Para sua elaboração foi realizado um levantamento de dados secundários

sobre as diferentes classificações das classes econômicas no Brasil, bem como das

alterações ocorridas nas mesmas nos últimos anos, além de leituras referentes à

temática. De posse dos dados, os procedimentos metodológicos adotados foram a

análise e a interpretação dos dados obtidos.

Enquanto que para alguns estudiosos o aumento na parte intermediária da

pirâmide demonstra um aumento da Classe Média da sociedade brasileira, também

denominada por “Nova Classe Média”, para outros não seria possível considerar que

está ocorrendo um crescimento efetivo desta Classe Média, mas de uma “Nova

Classe Trabalhadora”, que tem conseguido escapar da base da pirâmide e

ascendida à parte intermediária.

Mas o que tem possibilitado que milhões de pessoas possam ascender na

pirâmide social brasileira a tal ponto de atingir novas classes econômicas e, até

mesmo, aumentar a parte intermediária da pirâmide a tal ponto que fossem

levantadas tantas discussões sobre este processo?

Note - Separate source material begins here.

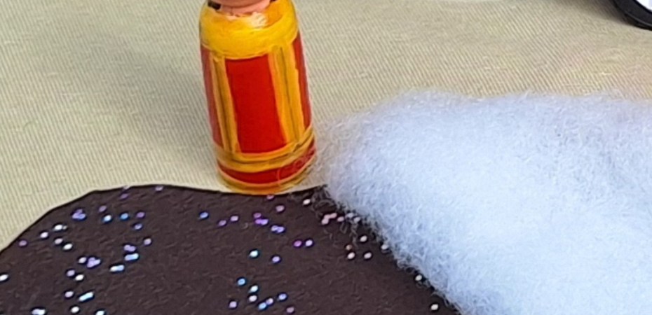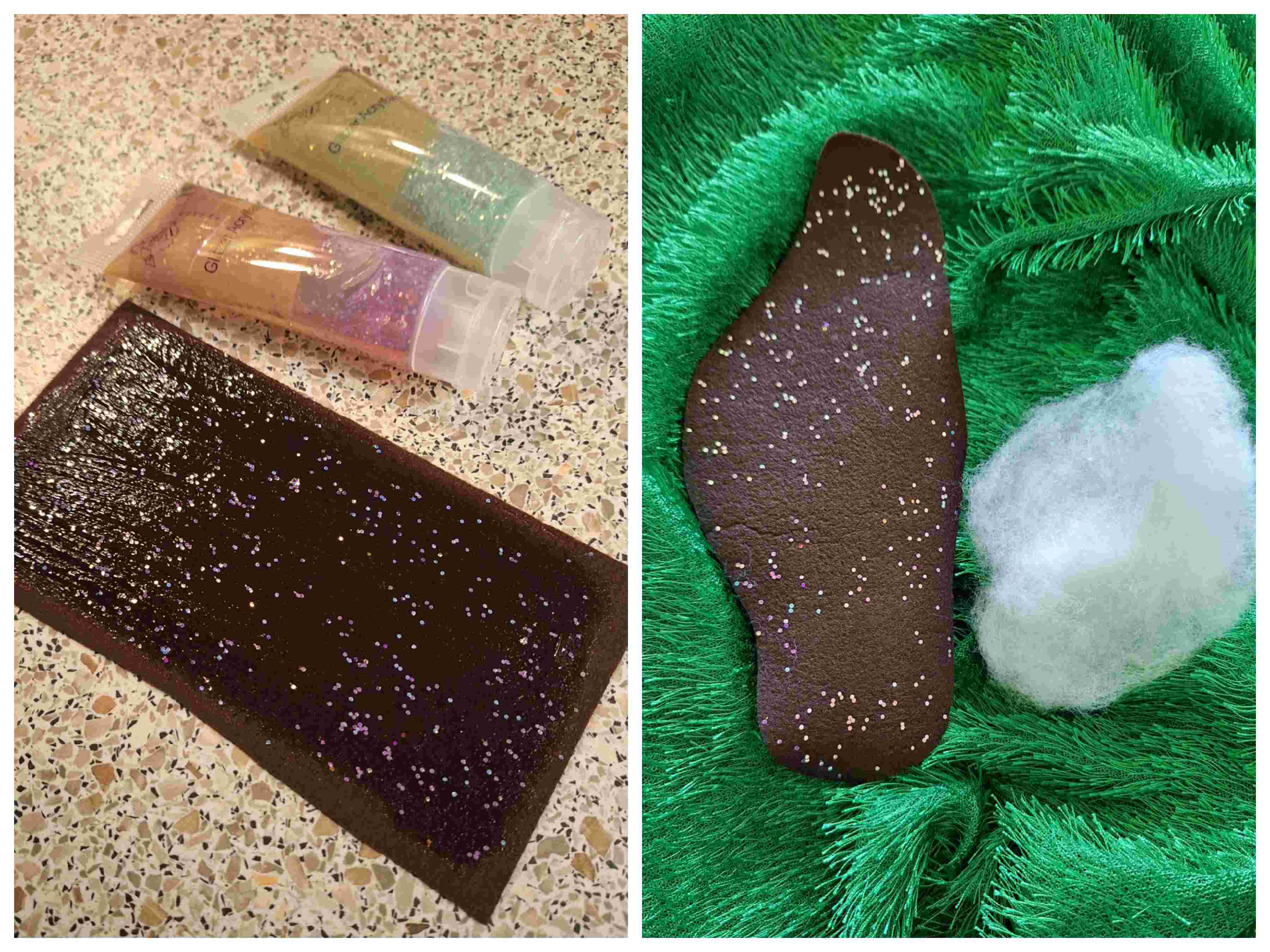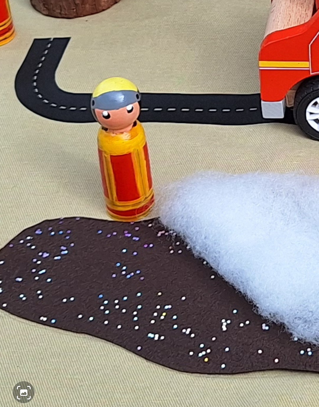Hierzu habe ich einfach ein Reststück braunen Filz (1mm)genommen und habe mit GlitzerAcrylfarbe den Ölschimmer dargestellt. Der Löschschaum ist einfach ein bisschen Füllwatte. Fertig – total unkompliziert…

As recentes alterações nas classes econômicas que demonstram a ascensão

de milhões de brasileiros por meio da diminuição na base da pirâmide social é

resultado não apenas de um, mas de vários fatores que, em conjunto, levaram a

essas alterações e serão comentadas a seguir.

2. Fatores determinantes nas alterações das classes econômicas no Brasil

Dentre os fatores que levaram às alterações nas classes econômicas no

Brasil, o primeiro diz respeito à estabilidade econômica, ou seja, a drástica redução

da inflação e do chamado imposto inflacionário4, que penalizavam a população,

4 Deve-se ressaltar que, atualmente, o quadro econômico brasileiro apresenta um aumento

inflacionário, o que vem exigindo medidas contracionistas tanto no âmbito fiscal, quanto monetário. Este aumento da inflação pode conduzir à volta do imposto inflacionário. Sobre imposto inflacionário ver mais a respeito em Cysne (1994).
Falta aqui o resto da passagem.